オーストラリアはシドニーに生まれたものの、育ったのは両親の母国であるイスラエル。東西の文化や観念を同時に享受しながら、「人生でもっとも辛い経験だったけど、本当の〈自由〉とは何か、また自分にはその〈自由〉があるとわかったのは良かった」という兵役義務も果たしている。そんな青春時代を送った後、21歳で〈世界を旅して見聞を広めよ〉という内なる声に従い、世界放浪の旅に出た。旅はおよそ2年間続き、生まれ故郷のシドニーで終わりを迎える。
「一旦はシドニーに戻って、そこからまた旅を続けるつもりだった。でも、久しぶりのシドニーにすごく興味を惹かれてね。
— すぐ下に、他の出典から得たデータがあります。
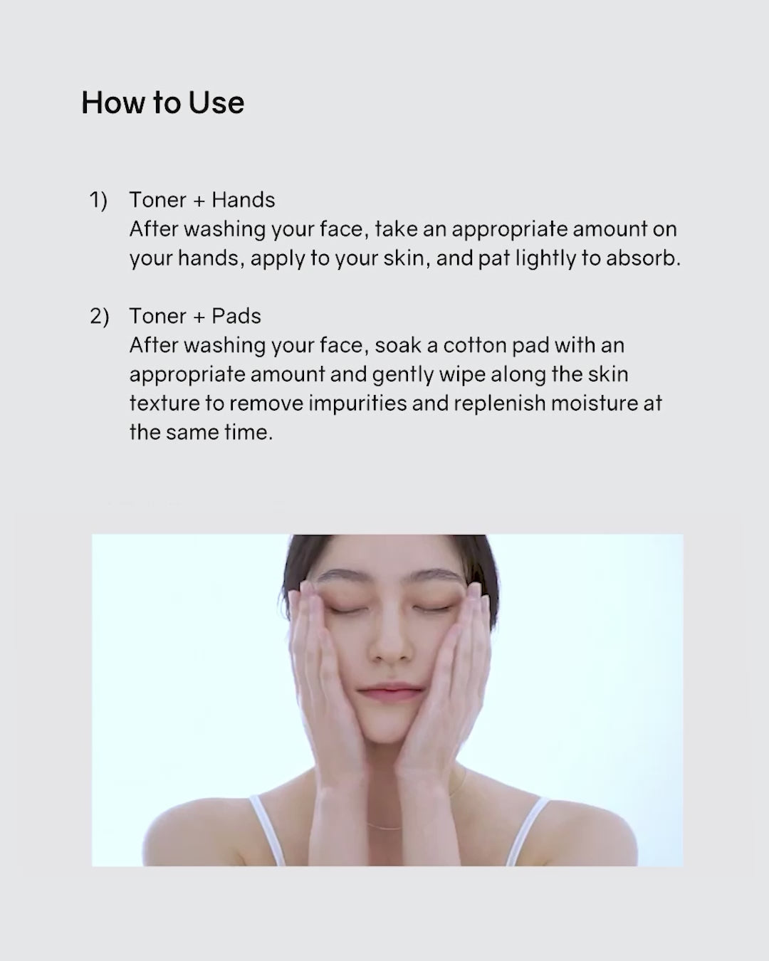 - After cleansing, pour an appropriate amount of toner onto a cotton pad or your palm and apply gently, avoiding direct contact with the eyes.

だからこのままいてみようかなって思ったのさ。いまから5年ほど前のことだけど、振り返ればおもしろいことに、当時のシドニーでは急速にいろんなことが動きはじめていたんだ」。
〈動きはじめたいろんなこと〉に逆らわないのもまた、彼の生き方だ。
「川のように生きたい、というか実際そうなってるよね。常に変わり続け、旅をし続け、時には激しい流れになり、時には緩やかになりながら、ずっとそこにあり続ける」。
そう、そんなふうに川に惹かれる彼だからこそ、みずからのミュージシャン名をオールド・マン・リヴァーと冠したのだ。この命名の由来に関してより詳しく知りたい方には、ミュージカル映画「ショウボート」を観て、ヘルマン・ヘッセの著書「シッダールタ」を読むことをお薦めしておこう。ともあれ、幼い頃から歳の離れた兄や両親の影響でさまざまな音楽に親しみ、8歳でピンク・フロイドに心酔した早熟なオハド少年の〈ミュ-ジシャンになりたい〉という漠然とした夢は、シドニーで形を成していった。
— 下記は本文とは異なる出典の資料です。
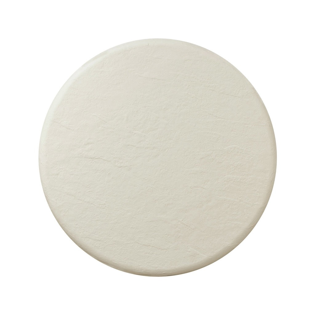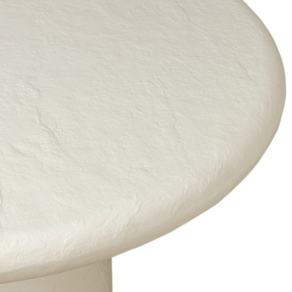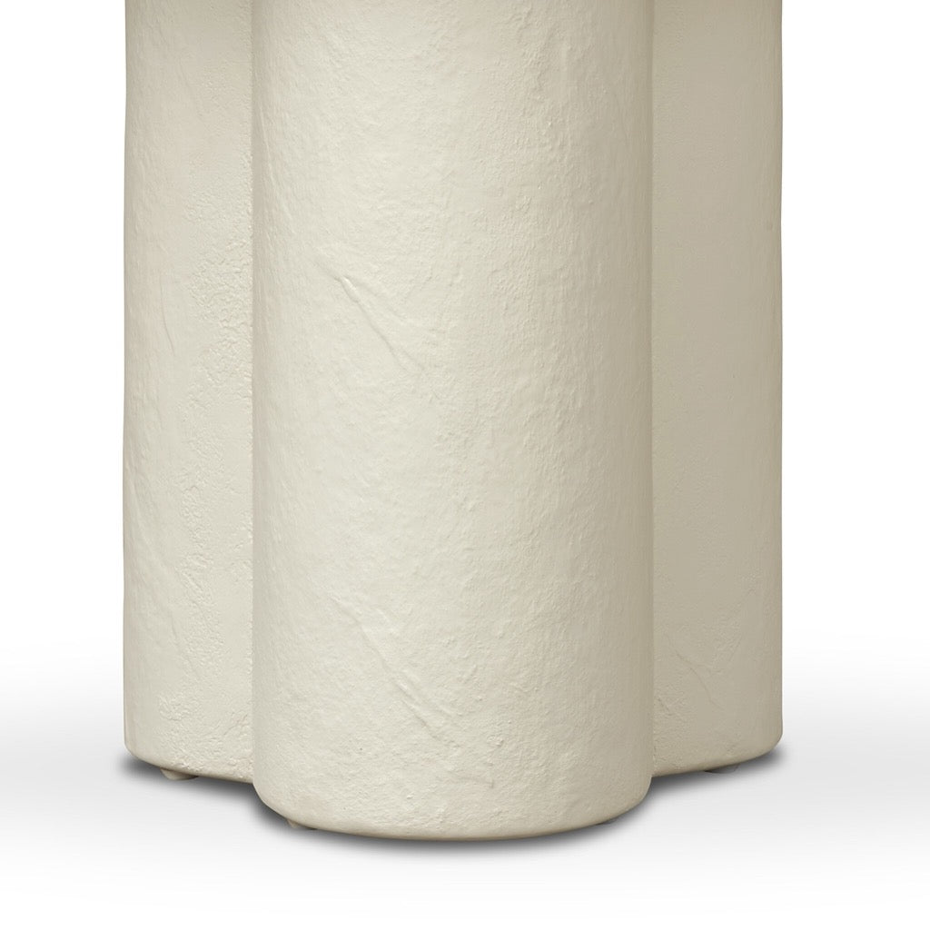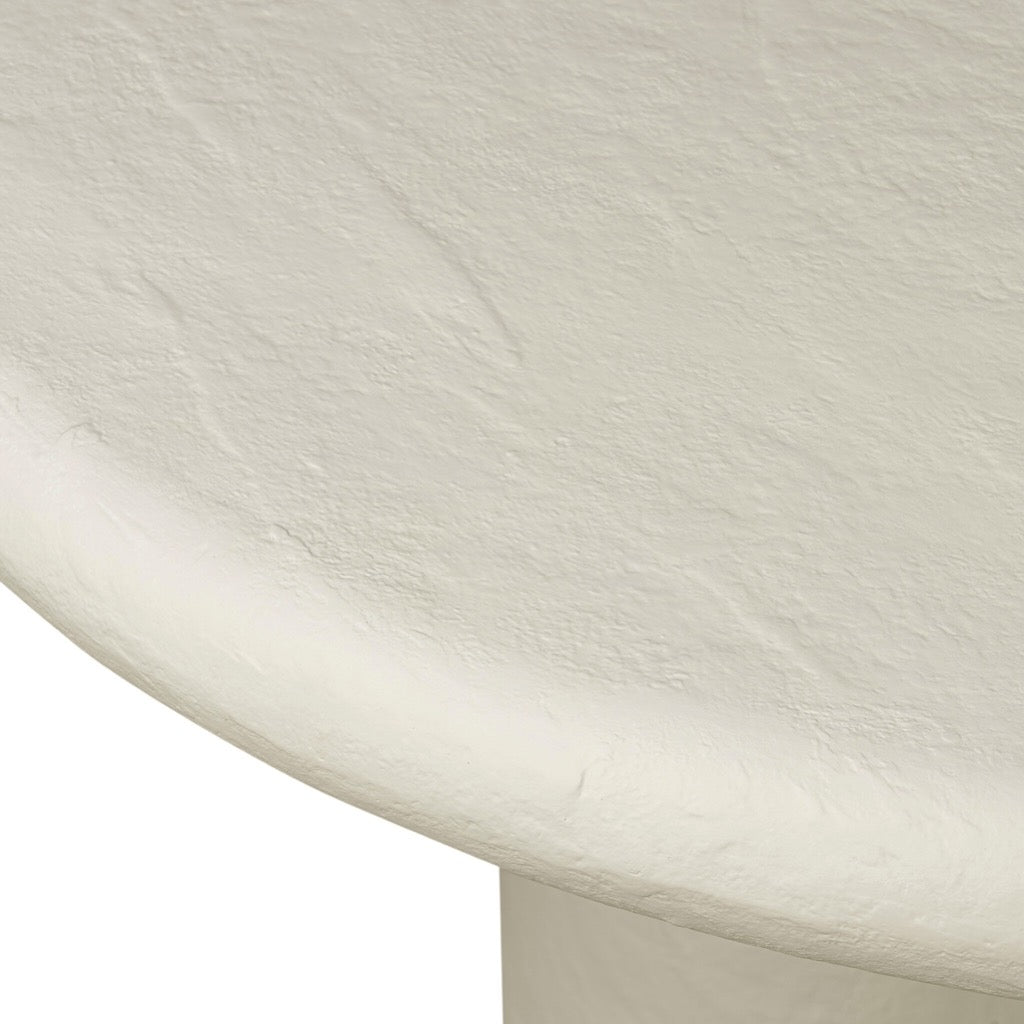 Adobe vibes. Made from white-finished concrete, a clover-shaped base supports a thick-rounded tabletop. Soft yet textured look pairs alongside a wide range of furniture, from natural woods to leather and more.

「ミュージシャンとは、繊細な耳とアンテナを持っている人のことだと思う。そして誰もがミュージシャンになれる可能性を秘めていると思う。音楽はどこかで音楽を勉強した人だけに与えられた特権じゃない。でも音楽に人生を捧げて貫きとおせる人は、ちょっと〈普通じゃない人〉でなければいけないかもね。音楽が仕事になると要求されることもすごく増えるから、より執着しなければいけなくなる」。
そのように、どこか楽しげな口調で語るオハドが今回の『Good Morning』で自分に課したテーマは、「聴いた人の気分が明るくなるアルバム作り」とのこと。先行シングル“La”はいまも彼が続けている、心身に障害を持つ子供たちを対象にしたワークショップで生まれた曲なのだが、まさにハッピー・オーラ全開、オールド・マン・リヴァーの面目躍如たる逸品だ。
「僕は音楽が世界を変えられると本当に信じているし、より良い世界になることも信じている」と断言する彼。以前NYのセントラルパークにあるストロベリー・フィールズでバスキングした際、目の前に現れたヨーコ・オノが親指を立てながら〈Great!!〉と言ったという話も、単なる偶然ではないはずだ。
PROFILE
オールド・マン・リヴァー
本名オハド・レイン。79年生まれ、オーストラリアはシドニー出身のシンガー・ソングライター。幼少の頃から21歳までの期間を、両親の故郷であるイスラエルで過ごす。その後、インドや東京、NYなど世界中を転々としながらストリート・ライヴを敢行。2002年にシドニーに戻り、スリーピー・ジャクソンら地元の音楽仲間からのサポートを受けて本格的な作曲活動を開始。同時期に、1880年代のアメリカを舞台にしたミュージカル「ショウボート」の劇中歌“Old Man River”にインスパイアされて改名する。2007年3月に本国でファースト・アルバム『Good Morning』(Wu Well/Sony BMG Australia/BMG JAPAN)を発表。このたびその日本盤がリリースされたばかり。